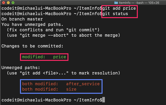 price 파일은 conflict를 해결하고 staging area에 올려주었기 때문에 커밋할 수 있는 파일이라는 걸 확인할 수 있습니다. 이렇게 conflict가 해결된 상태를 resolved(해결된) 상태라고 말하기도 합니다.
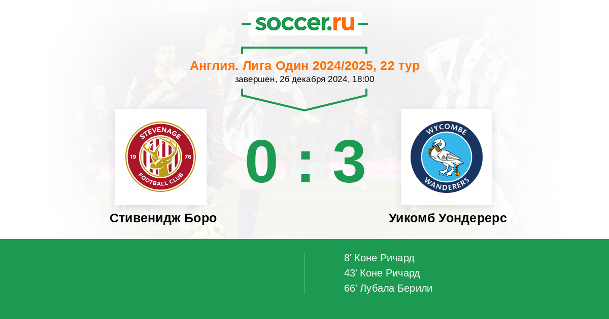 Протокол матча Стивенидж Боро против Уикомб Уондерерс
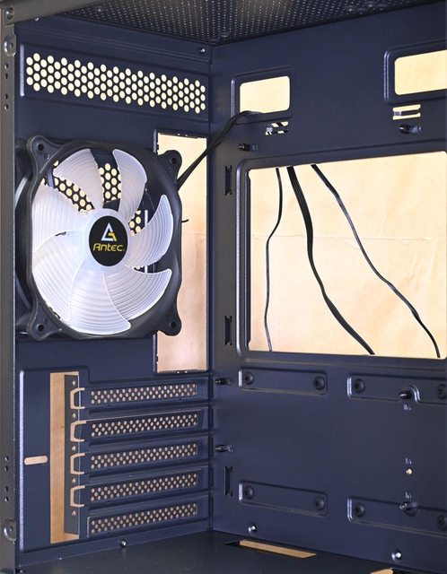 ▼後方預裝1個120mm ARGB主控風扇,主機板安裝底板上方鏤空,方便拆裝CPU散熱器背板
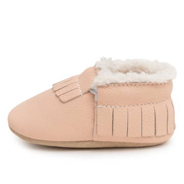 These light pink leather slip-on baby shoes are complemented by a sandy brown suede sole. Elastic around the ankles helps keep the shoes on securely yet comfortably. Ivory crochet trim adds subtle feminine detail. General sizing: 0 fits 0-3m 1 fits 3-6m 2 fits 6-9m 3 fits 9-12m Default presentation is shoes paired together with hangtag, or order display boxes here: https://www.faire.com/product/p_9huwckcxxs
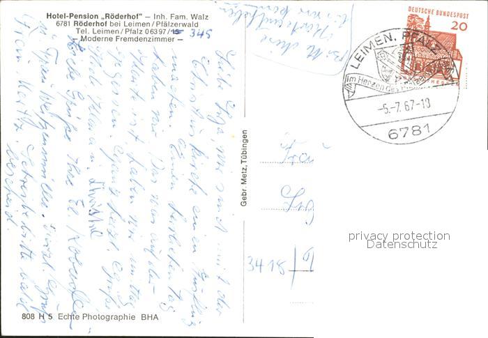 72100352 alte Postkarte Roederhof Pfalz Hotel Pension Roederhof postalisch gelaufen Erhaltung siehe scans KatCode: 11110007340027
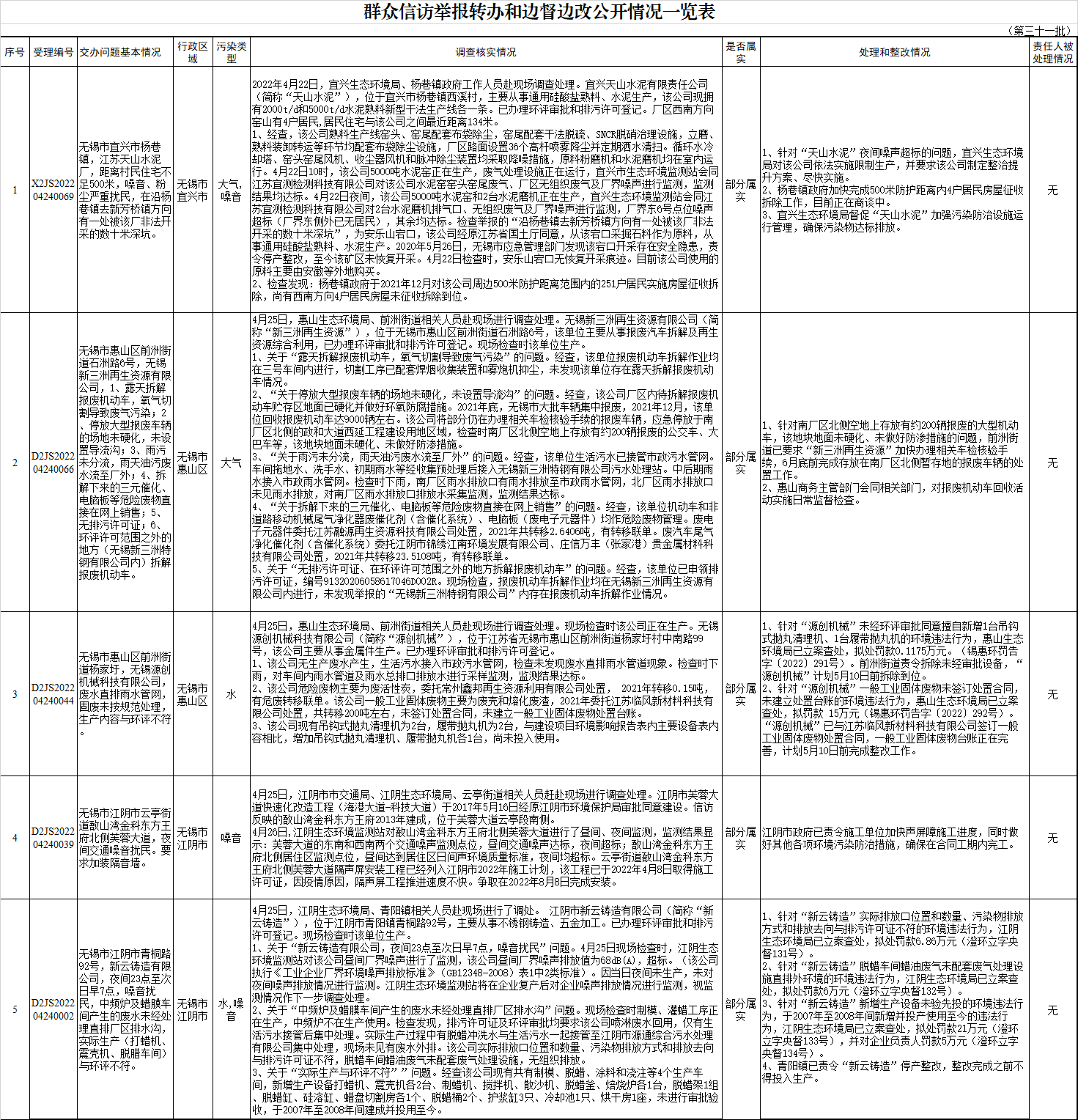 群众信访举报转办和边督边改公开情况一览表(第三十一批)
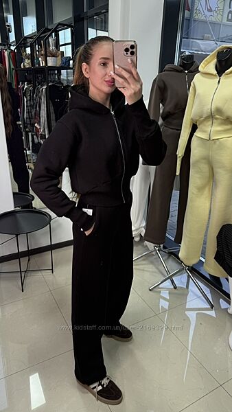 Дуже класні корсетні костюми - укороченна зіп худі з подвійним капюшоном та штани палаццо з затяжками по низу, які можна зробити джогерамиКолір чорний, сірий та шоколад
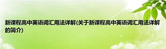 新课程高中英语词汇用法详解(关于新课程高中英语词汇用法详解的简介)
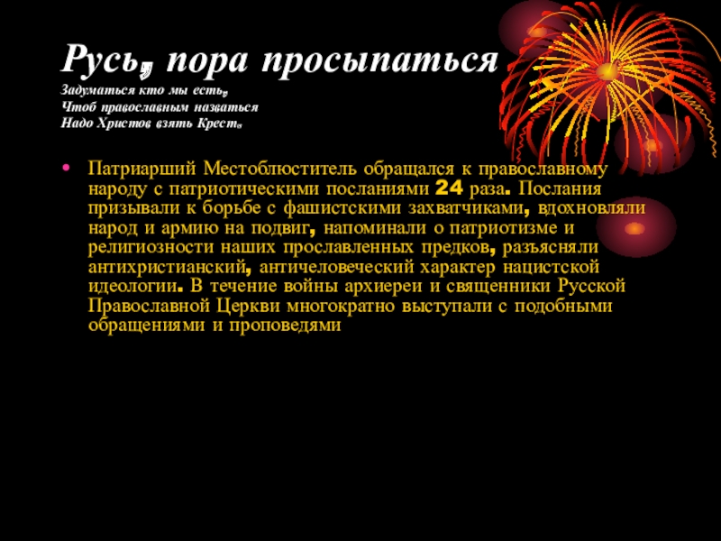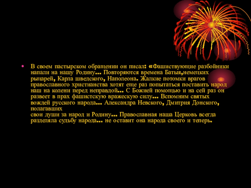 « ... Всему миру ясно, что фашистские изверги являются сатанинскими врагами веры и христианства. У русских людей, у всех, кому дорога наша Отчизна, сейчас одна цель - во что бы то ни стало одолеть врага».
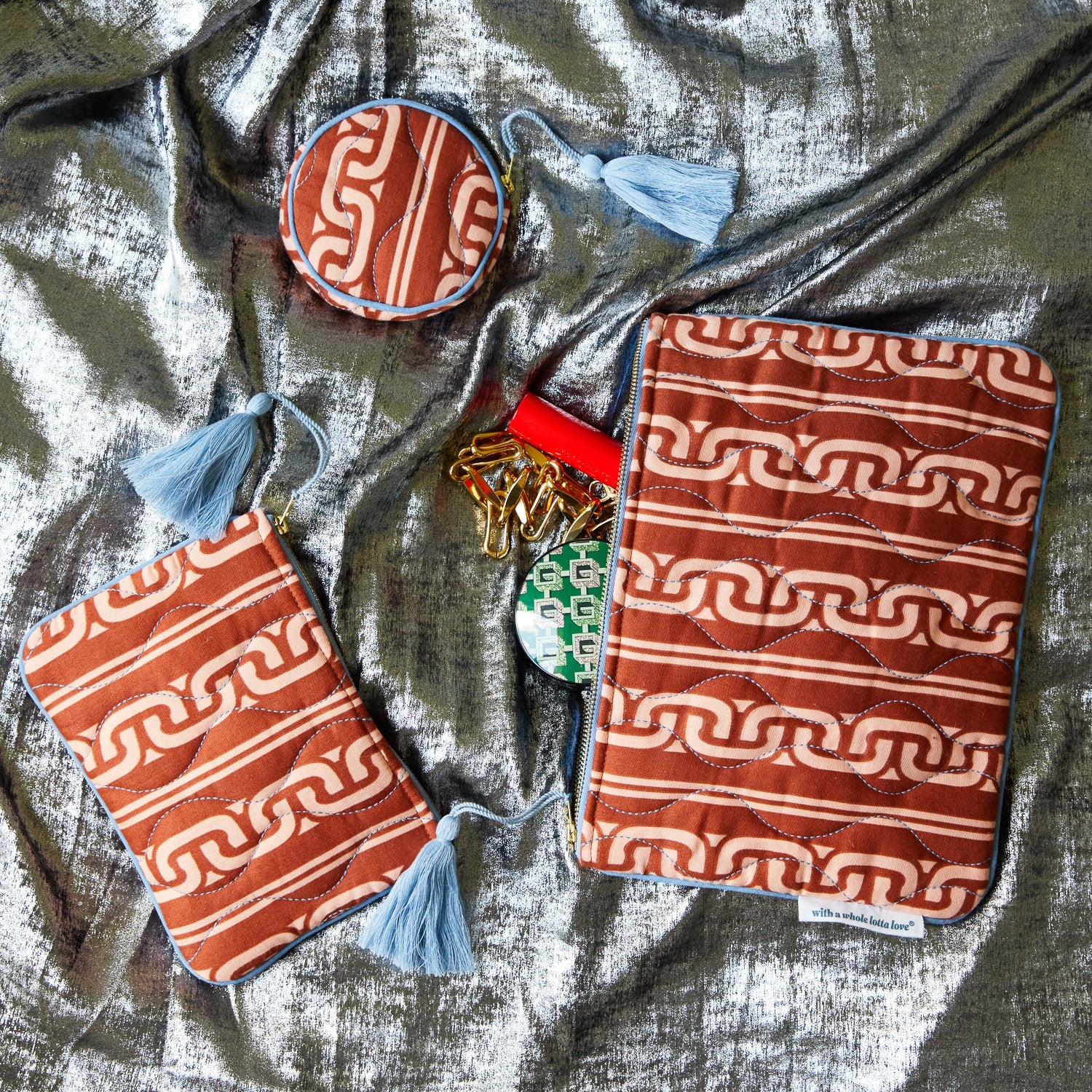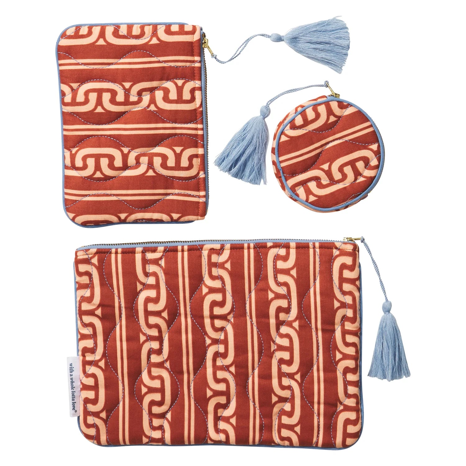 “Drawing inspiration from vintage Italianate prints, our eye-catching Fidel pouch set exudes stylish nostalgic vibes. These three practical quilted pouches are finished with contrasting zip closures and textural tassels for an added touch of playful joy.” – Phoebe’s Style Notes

# WHAT TO WORK ON
Return exactly the stretch above whose first line contains "72100352 alte Postkarte" and whose last line contains "新课程高中英语词汇用法详解(关于新课程高中英语词汇用法详解的简介)", and nothing outside it. The pictures should not appear.

# EXERCISE SOLUTION
 72100352 alte Postkarte Roederhof Pfalz Hotel Pension Roederhof postalisch gelaufen Erhaltung siehe scans KatCode: 11110007340027
 群众信访举报转办和边督边改公开情况一览表(第三十一批)
 Дуже класні корсетні костюми - укороченна зіп худі з подвійним капюшоном та штани палаццо з затяжками по низу, які можна зробити джогерамиКолір чорний, сірий та шоколад
 新课程高中英语词汇用法详解(关于新课程高中英语词汇用法详解的简介)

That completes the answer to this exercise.